### Dataset content
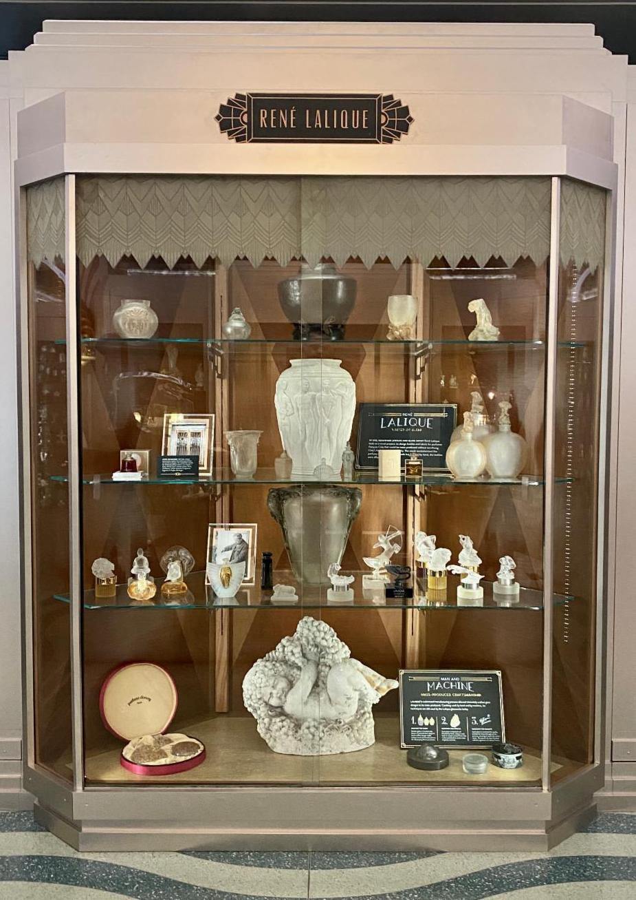 In our gallery, we've included Lalique's fountain designs at either end of the room that are immediately noticeable upon entering, transporting you back to the Paris event! The designs sit atop showcases that feature our Czech and DeVilbiss displays.
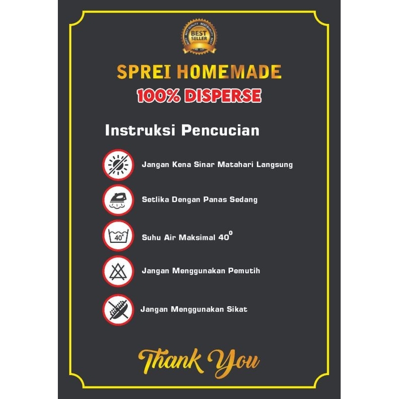 Kwalitas : ❤️Sprei tinggi fix 20cm tepi jahit rapi ❤️Elastik lebar 3cm lebih kuat ❤️Karet 4 sudut pojok ❤️Sarung bantal/guling obras rapi ❤️Sargul tali terpasang ❤️KEMASAN TAS
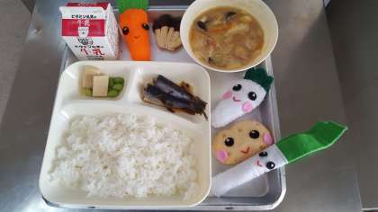 今日の献立は、いわしの生姜煮・みそ汁・高野豆腐の煮物・ごはん・牛乳です。
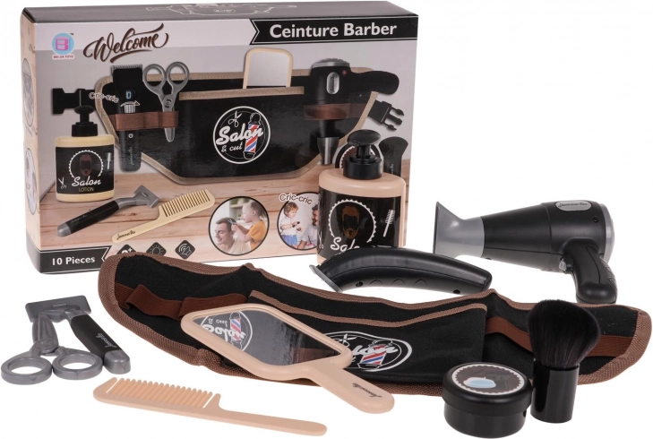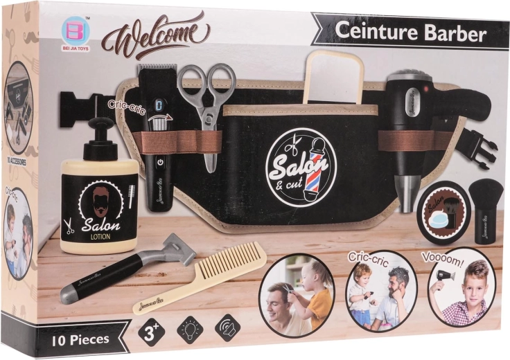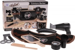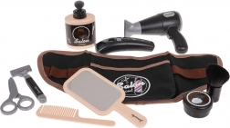 - 10-delig accessoirepakket voor realistisch spel: föhn, elektrische scheerapparaat, scheermes/scheerapparaat, schaar, kam, spiegeltje, kwast, flesje met pompje, doosje voor schuim en een riem met vakjes.
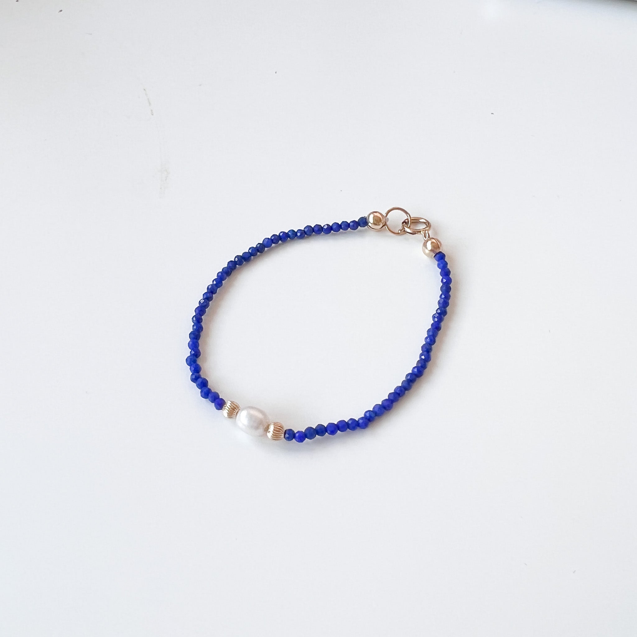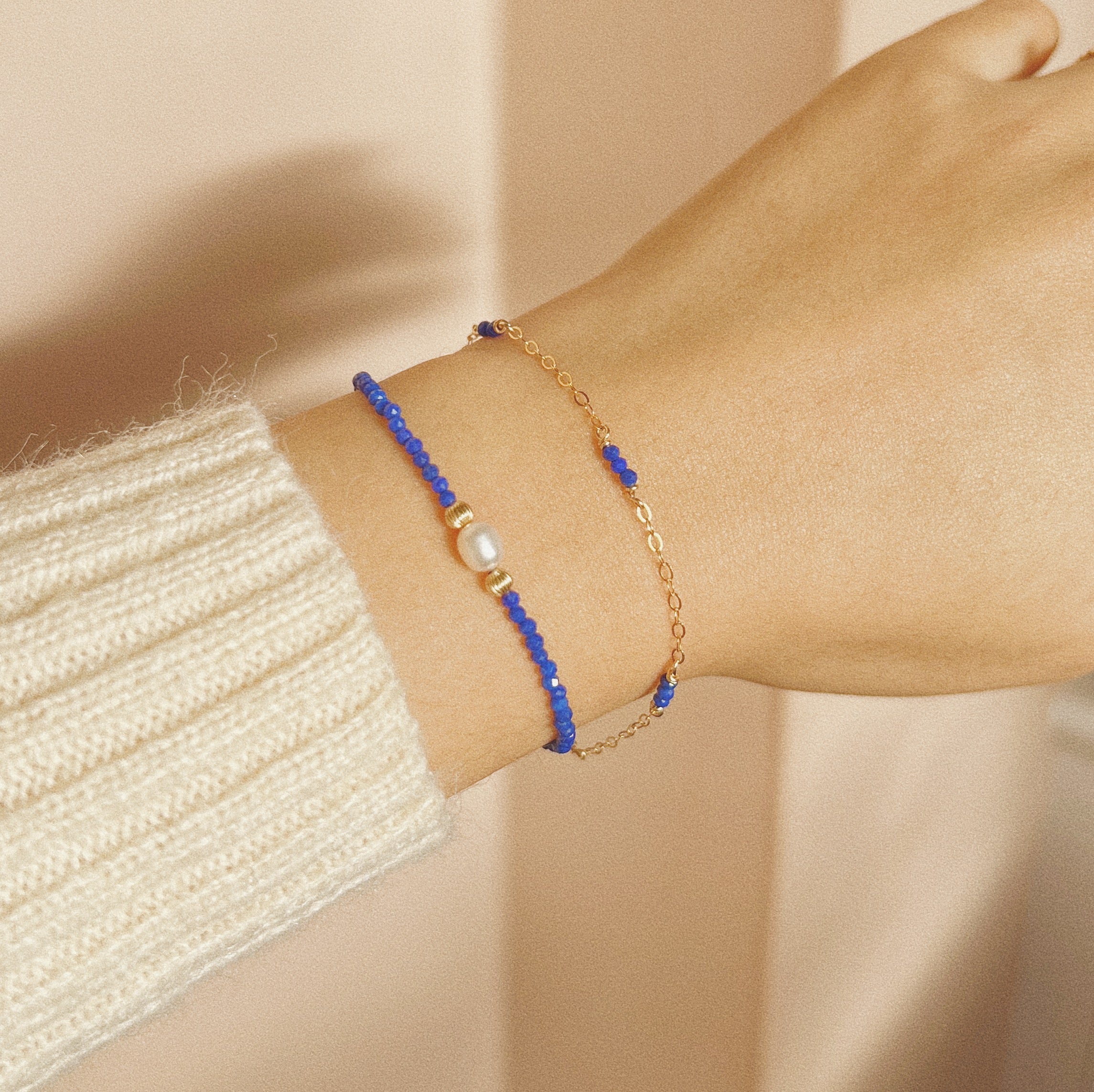The good kind of "blue" comes from the natural glow of the Lapis Lazuli Pearl Bracelet.
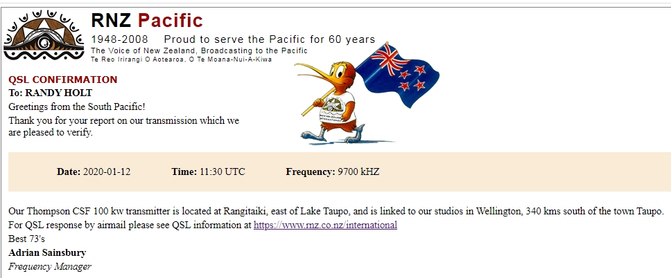 I hear RNZI usually most mornings in the 49 meter band, even when conditions are otherwise seemingly marginal. If you're in California, perhaps try early mornings. Can't remember the frequency, but on 49 meters RNZI put out an amazingly solid signal.
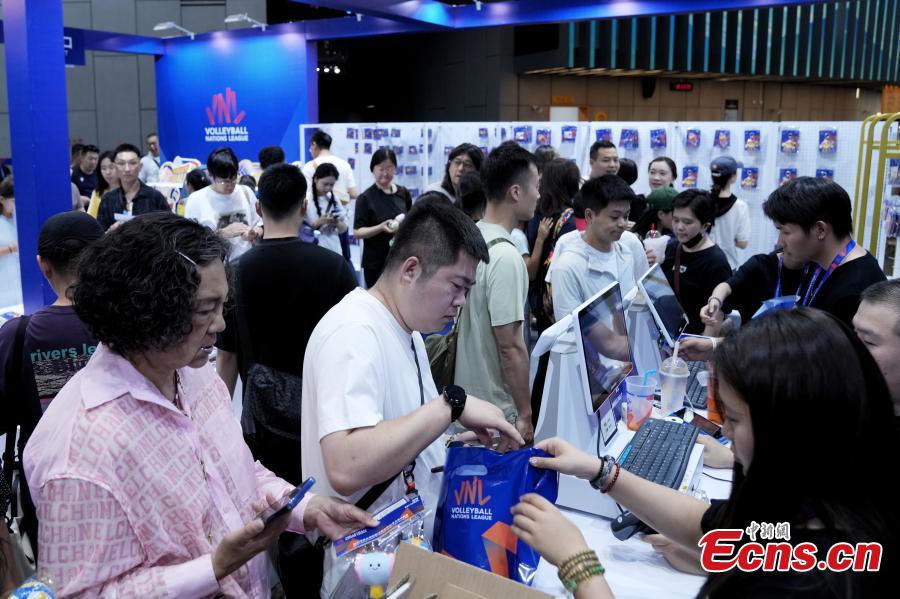 Consumers learn about volleyball-related products at the official merchandise store of the FIVB Volleyball Nations League (VNL) at the National Indoor Stadium in Beijing, China, June 8, 2025. (Photo: China News Service/Zhang Xiangyi)
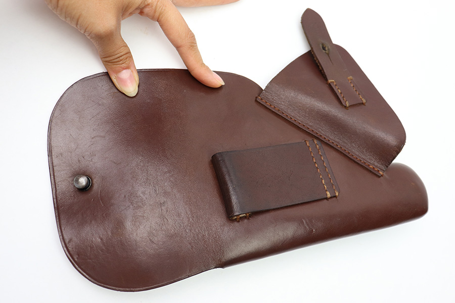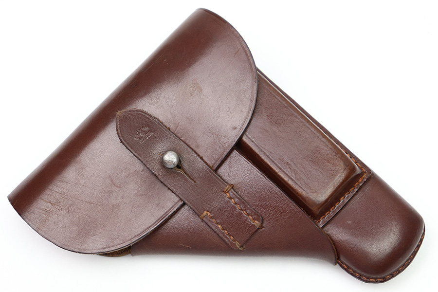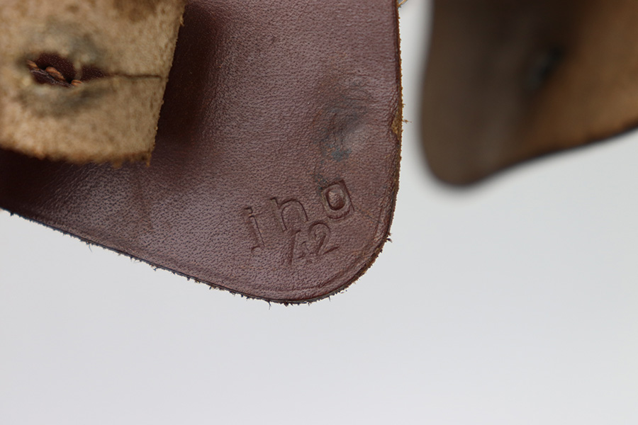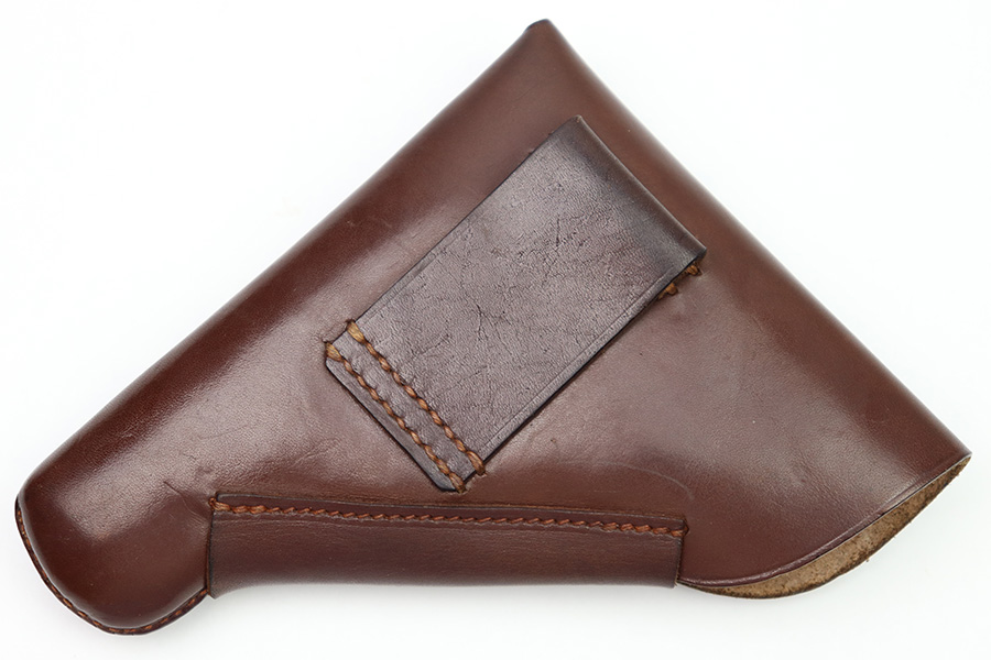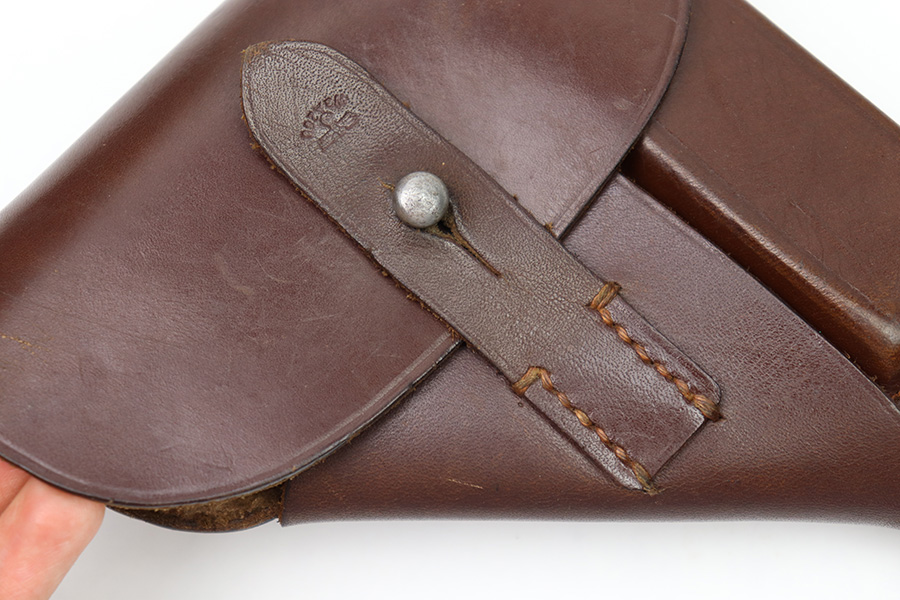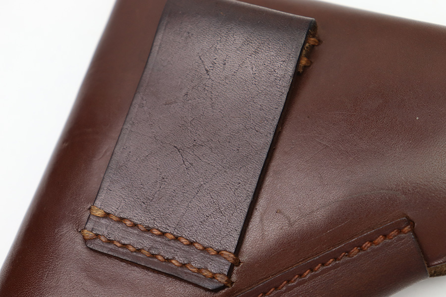 9/1/22 – This is an excellent condition 1942 dated holster for a Mauser HSC pistol. The holster has clean, excellent leather and all original stitching intact. The closure strap is waffen proof stamped. Under the closure strap is a “jhg 42” maker stamp. The interior leather has a faint, yet visible Mauser 7,65 ink stamp. An excellent example of a highly collectible holster.

### Description of the task
Your copy should hold only the lines above from the one containing "The good kind" through the one containing "I hear RNZI", exactly as written and free of pictures.

### Answer box
The good kind of "blue" comes from the natural glow of the Lapis Lazuli Pearl Bracelet.
 I hear RNZI usually most mornings in the 49 meter band, even when conditions are otherwise seemingly marginal. If you're in California, perhaps try early mornings. Can't remember the frequency, but on 49 meters RNZI put out an amazingly solid signal.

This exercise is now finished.